# DX5 Print head replacement



## ghostofmedusa (Mar 12, 2013)

Hi - quick question. I'll be needing a replacement print head for my R2880 based machine. I see that they just stopped production of the Epson R2880 and replaced it with the R3000. Is the R3000 print head still a DX5 head? 

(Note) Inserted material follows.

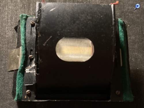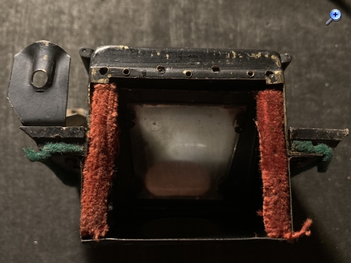 Als Objektiv dient hier ein Laack Regulyt 4,5/6cm, interessanterweise mit M25-Gewinde was mögliche Wechselobjektive vermuten lässt. Der Spiegelkasten lässt sich ganz einfach nach dem Lösen von lediglich 22 Schrauben nach hinten aus dem Gehäuse fummeln wobei hier Vorsicht geboten ist da es sich ebenfalls um eine Blechkonstruktion handelt die jedoch noch fragiler als das Gehäuse ist.

I know I could just buy a a head from a distributor, but EPSON doesn't recognize "FreeJet" as a machine to supply heads for. And I'd rather rip the new head out of the EPSON myself (what I did last time).

Let me know, Thanks


----------



## DTGPRINTERPARTS (Jul 13, 2012)

ghostofmedusa said:


> Hi - quick question. I'll be needing a replacement print head for my R2880 based machine. I see that they just stopped production of the Epson R2880 and replaced it with the R3000. Is the R3000 print head still a DX5 head?
> 
> I know I could just buy a a head from a distributor, but EPSON doesn't recognize "FreeJet" as a machine to supply heads for. And I'd rather rip the new head out of the EPSON myself (what I did last time).
> 
> Let me know, Thanks


Heyyyyyyy brotha from anotha motha.. call me will explain compatibility


----------



## ghostofmedusa (Mar 12, 2013)

DTGPRINTERPARTS said:


> Heyyyyyyy brotha from anotha motha.. call me will explain compatibility



What up Ant! Will call you tomorrow, have to read the girls some crazy "new age" anti bullying story for bedtime.. Thanks for the quick reply, Young Gun


----------



## DTGPRINTERPARTS (Jul 13, 2012)

ghostofmedusa said:


> What up Ant! Will call you tomorrow, have to read the girls some crazy "new age" anti bullying story for bedtime.. Thanks for the quick reply, Young Gun


Lol funny. Will look forward to hearing from my fellow Greek. Basically the R3000 is what my Spectra is based off of but will tell all tomorrow. Oh and yeah tomorrow would be better. For once gonna crash before 11. Never get to do that lol.


----------